Which is Monty in a nutshell, really, but i love his choreography and character designs enough that i am forgiving of an awful lot.
Those two scenes really could be pegged entirely on Monty.
CFY were planned characters and Penny's scene was specifically added by Monty after the fact.
There are definite writer failings, but those are expounded by monty and shane freely adding junk whenever.
RWBY suffers a fuck lot from lack of internal consistency and funding
Last edited by Zenieth; January 15th, 2015 at 07:42 PM.
http://imgur.com/a/kJi07
shamelessly posting because Askzy Art
Last edited by Zenieth; January 28th, 2015 at 10:48 AM.

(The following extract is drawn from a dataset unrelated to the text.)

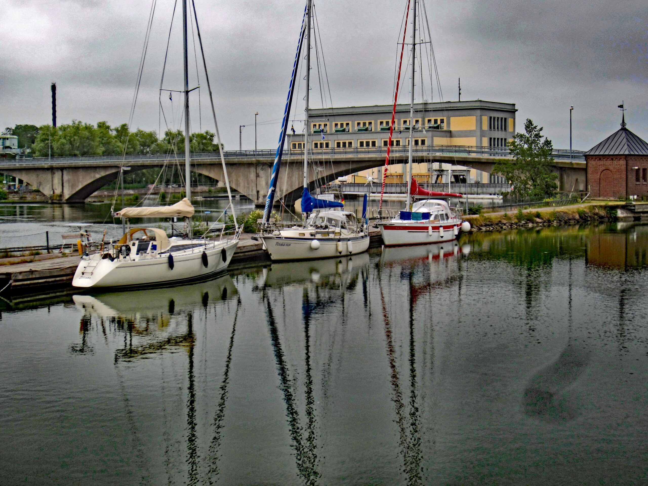 14:00h nach 16 SM Flussfahrt fest am Längssteiger in Kungälv, südlicher Anlegeplatz.
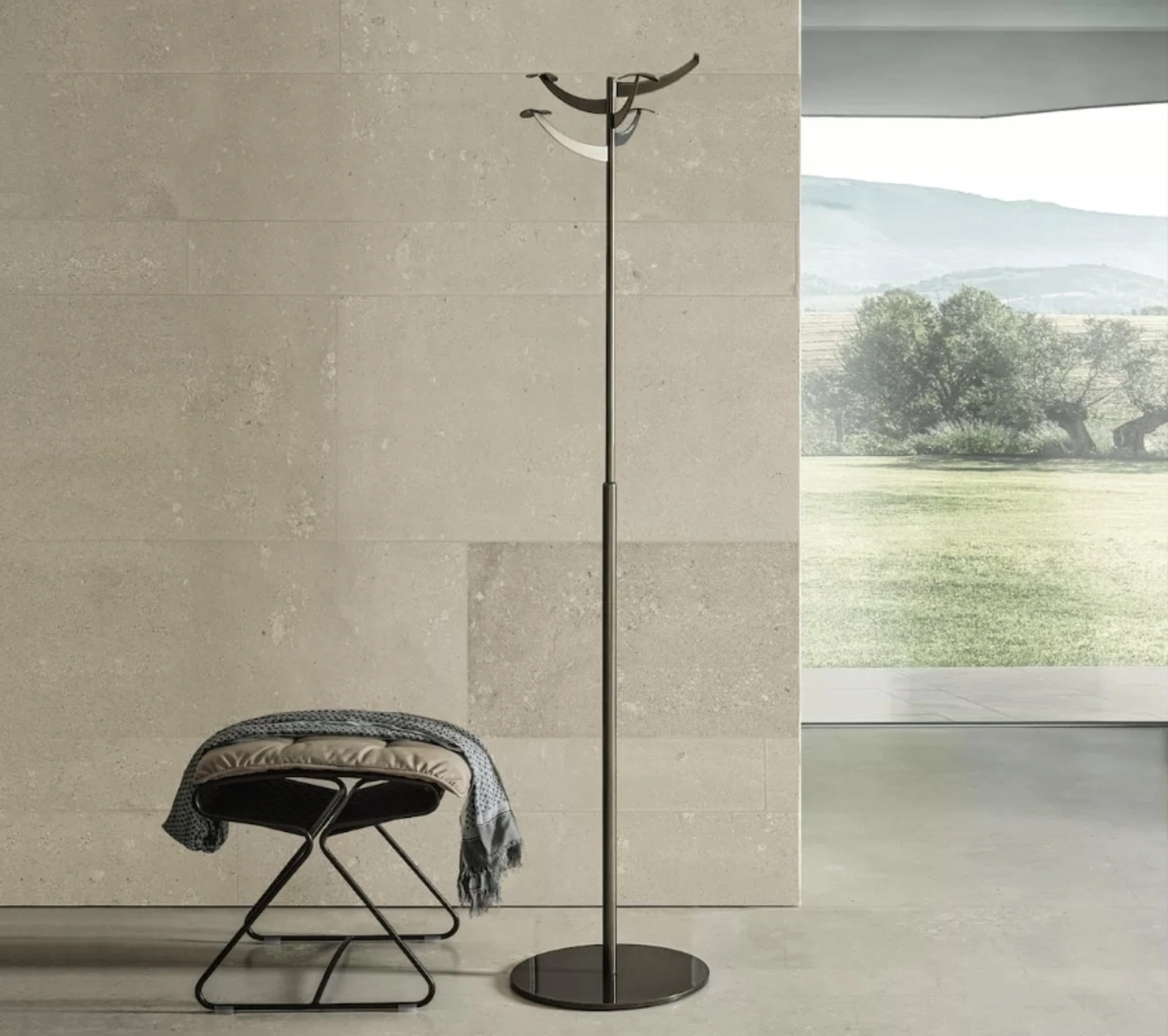 Quali sono i materiali e le dimensioni dell'Appendiabiti Battista?L'Appendiabiti Battista è un complemento d'arredo di design firmato Bontempi. Per informazioni dettagliate su materiali, finiture disponibili e dimensioni esatte, ti invitiamo a contattare Visone Casa S.r.l. o a visitare il nostro showroom.

Monty Oum's hospitalized in critical condition.
heard something like 100k$ already got gathered in case of fat medical fees
http://www.gofundme.com/MontyandSheena
It's at $120,605 of $50,000 as we speak.
Kind of makes me wonder what happened. He seems pretty young for a heart attack or the likes.
Dude's a workaholic. He puts in enough hours to be three separate Japanese Salarymen.
Heard somewhere that some medication he was taking caused a bad reaction. I just hope he pulls through.